Ahora bien, a pesar de que el artículo 246 constitucional impuso un mandato consistente en la  
expedición de una ley para la coordinación entre la Jurisdicción Especial Indígena y el Sistema Judicial  
Nacional, a la fecha no se ha expedido la respectiva normativa.  
Sin embargo, en una actuación conjunta y articulada entre el Gobierno Nacional, el Consejo Superior de  
la Judicatura y los pueblos indígenas del país, el 16 de octubre de 2024, radicaron el proyecto de ley  
que establece mecanismos de coordinación entre la Rama Judicial Nacional y la Jurisdicción Especial  
Indígena, identificado inicialmente con el número ¨PL 287 de 2024 S¨.  
El referido proyecto de ley propuso una serie de principios claves para lograr una adecuada  
coordinación y armonización de los dos sistemas de justicia, a saber:  
Pluralismo Jurídico: Permite que varios sistemas de justicia coexistan y se desarrollen, asegurando  
que todos sean tratados con respeto y en igualdad de condiciones.  

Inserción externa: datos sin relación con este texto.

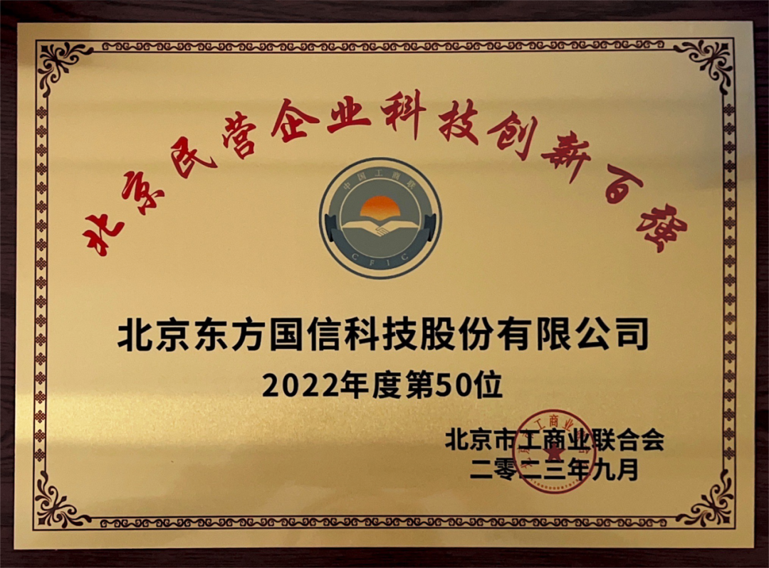 自2018年起,北京市工商联已经连续六年开展民营企业百强调研与发布,旨在推动民营经济立足首都城市战略定位,实现高质量发展,充分发挥首都优势、贯彻新发展理念、服务和融入新发展格局,经过优化调整调研评价指标体系,最终形成2023北京民营企业“1+4”百强榜单。东方国信深耕大数据领域20余年,见证了北京市科技的迅猛发展。东方国信作为处在浪潮中的一员,始终坚持技术自研,从大数据到5G再到人工智能大模型,不断提高核心竞争力,凭借着优秀的科研、管理和交付团队,创造了一个个丰硕的科研与业务成果,并在“中关村论坛”“全球数字经济大会”等大型科技展会上亮相,展示了民营企业的风采。目前东方国信已累计布局大数据、5G、人工智能大模型、云计算、工业互联网等技术领域,以丰富的产品及解决方案服务数千客户。民营经济是推进中国式现代化的生力军,是高质量发展的重要基础。作为北京民营企业科技百强之一,东方国信一直致力于为用户提供数据服务,赋能运营商、金融、工业企业数字化转型。未来,东方国信将持续投身科技领域技术研发,发挥自身优势,助力首都经济社会高质量发展。

Interculturalidad: Reconoce y valora las diferencias. culturales, promoviendo el respeto y la adaptación  
a estas diversidades.  
Respeto por la Cosmovisión: Fomenta la comprensión y el aprecio por las visiones del mundo y el  
pensamiento de otras culturas.  
Autonomía de las Comunidades Indígenas: Defiende el derecho de las comunidades indígenas a  
gestionar sus propias formas de justicia.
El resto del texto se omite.